KETIGA perempuan itu datang dengan mengenakan jilbab. Saya melihat mereka
datang ke kawasan kota tua, lalu memasuki sebuah toko kecil di sudut jalan
sana. Tak lama kemudian, tiga orang gadis seksi dengan dandanan ala gadis
metropolis keluar dari situ. Tadinya saya tak mengenali. Namun setelah
diperhatikan dengan seksama, ketiganya adalah tiga perempuan yang tadinya
berjilbab.
Saya lalu mendekat. Tiba-tiba saja, salah satu dari mereka menyodorkan
sebuah kamera dan meminta saya untuk memotretnya. Saya pun mengeluarkan kamera
demi memotret mereka. Ada banyak pose menarik. Salah satunya adalah ketika
seorang di antara mereka menatap kamera dengan lidah menyamping. Ia nampak
genit. (Maafkan karena foto-foto genit
tak akan terpajang di blog ini)
Mereka juga centil dan ceria. Katanya, mereka sama-sama belajar di sebuah
madrasah di dekat Depok. Mereka lalu sama-sama janjian ke kawasan kota tua.
Demi mempercantik penampilan, mereka menyiapkan baju-baju seksi.
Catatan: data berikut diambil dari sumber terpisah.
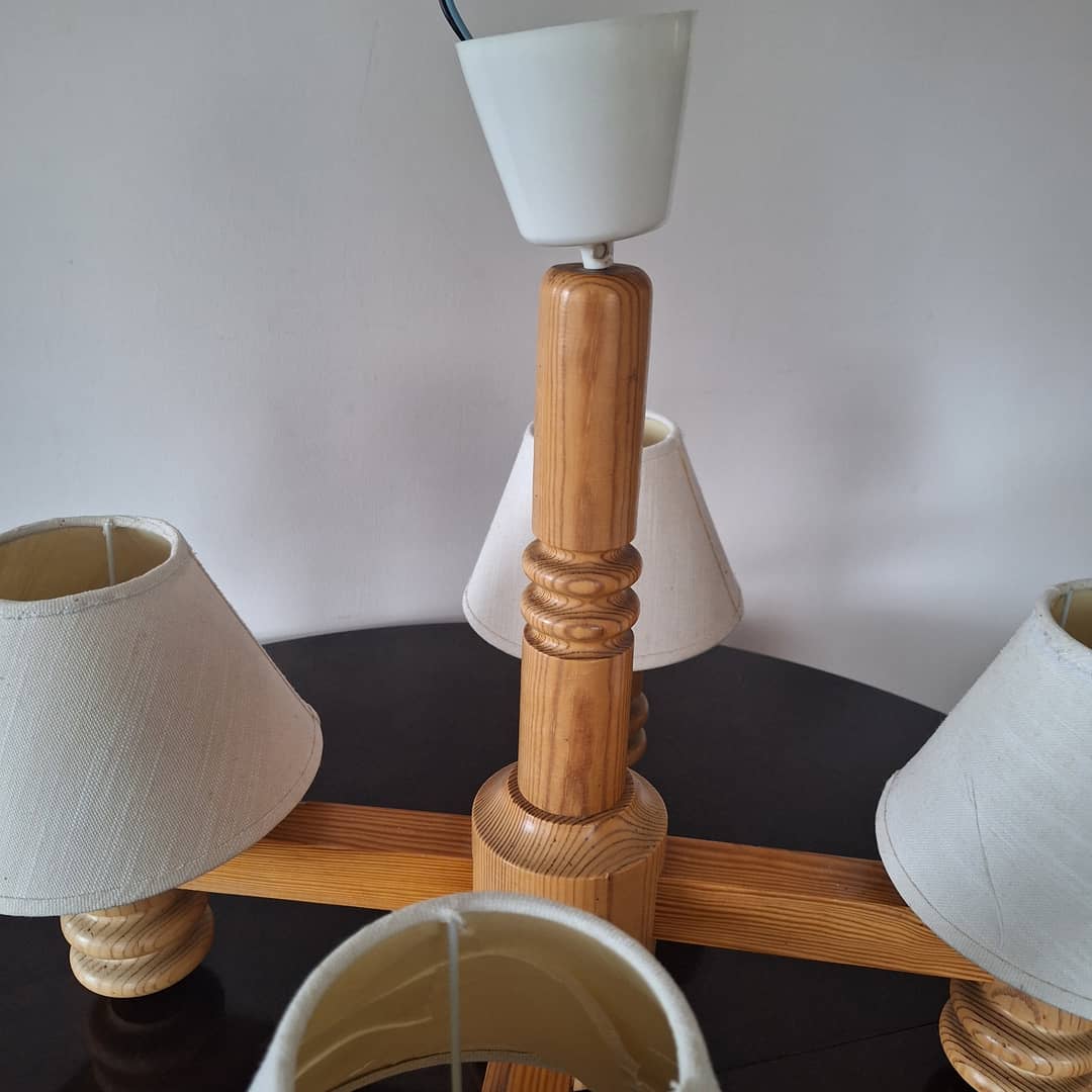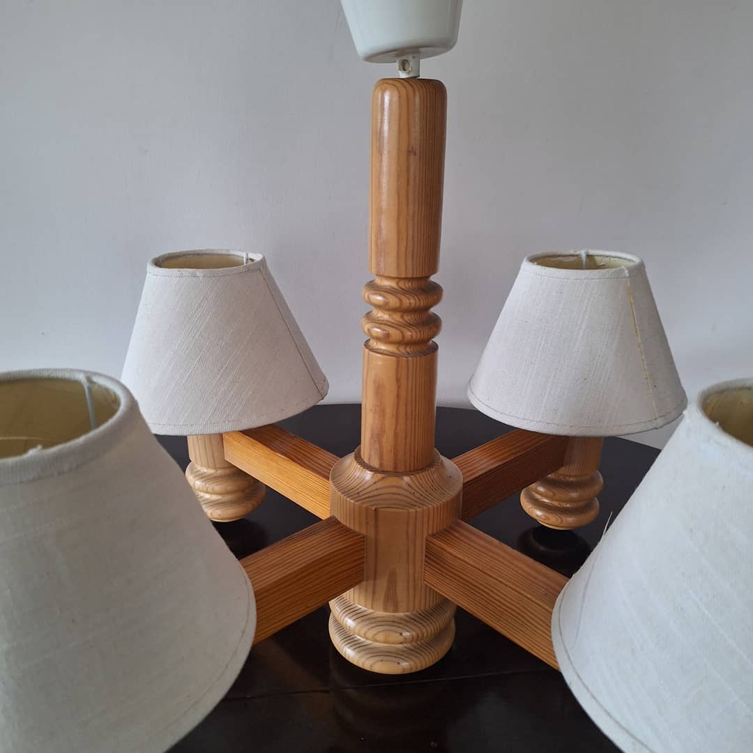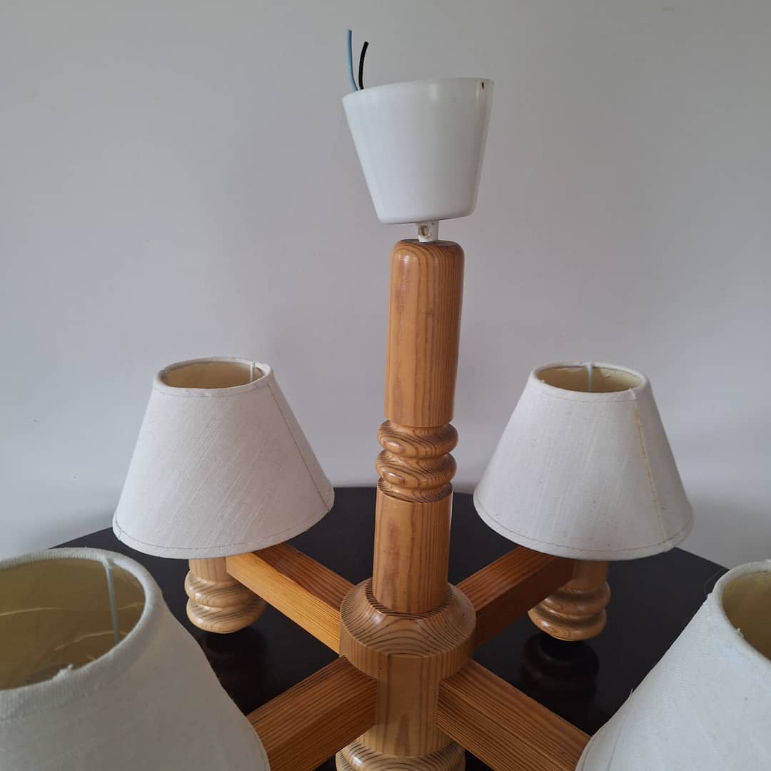 Żyrandol drewniany w dobrym stanie, średnica 62 cm, w komplecie 4 żarówki, możliwy dowóz . Cena 90 zł.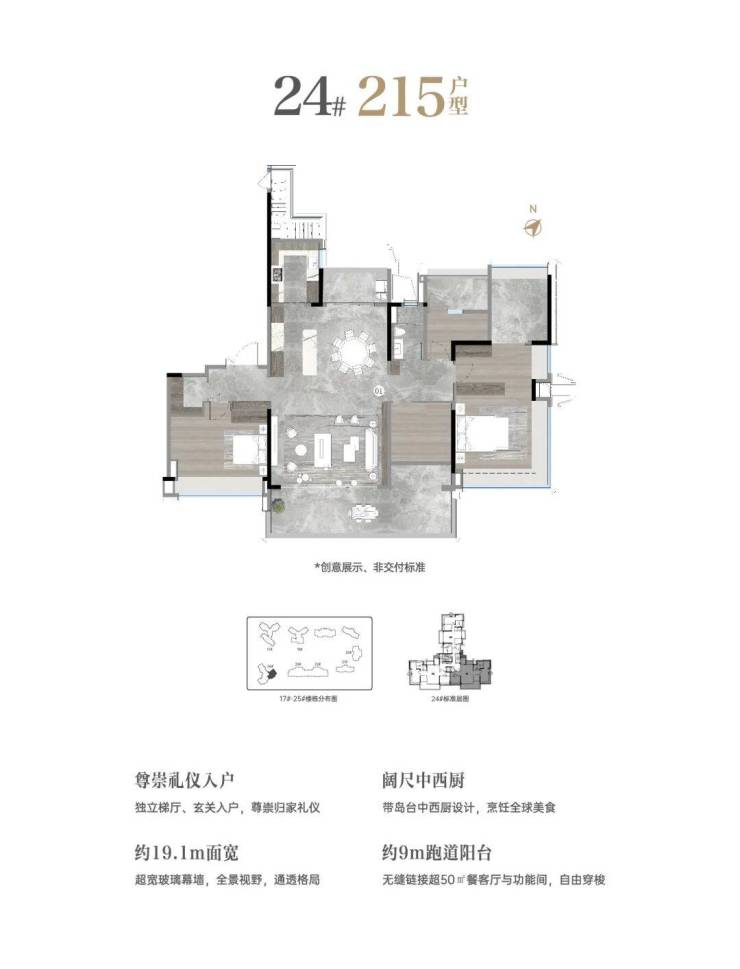 建筑面积约:980000㎡总规划:24栋,1780户总层高:15~66层绿化率:30.5%车位:2801个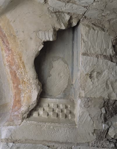 Détail de la base de la colonne du choeur prise dans la maçonnerie de la voûte de la crypte.

Pantesan,
ketika datang mereka berjilbab, namun sekian menit berikutnya, mereka telah
berganti dengan baju seksi. Apakah mereka tetap cantik? Entah.
Tiga perempuan itu menunjukkan sisi lain dari para remaja putri di tengah
kota yang terus bergeliat. Saya teringat riset yang saya lakukan beberapa tahun
silam, tentang seorang remaja yang nampak lugu di rumah dan sekolah, namun
mendadak berubah 180 derajat ketika berada di mal. Ada sebuah konstruksi
tentang panggung depan serta panggung belakang yang berubah-ubah, di mana para
remaja adalah agen yang mereproduksi gaya hidup secara berbeda.
Saya sedang melihat dunia yang berubah. Dahulu, informasi dan pesan masuk
lewat seleksi yang ketat, melalui banyak channel serta pilihan. Dahulu, seorang
anak hanya terbatas menerima informasi dari orangtua, keluarga, paman, bibi,
atau para tetangga. Sekarang, sang remaja akan menerima informasi langsung dari
handphone yang dibawanya ke mana-mana. Bahkan pada saat menjelang tidur
sekalipun, sebuah pesan bernada sayang akan menyapanya dengan manja.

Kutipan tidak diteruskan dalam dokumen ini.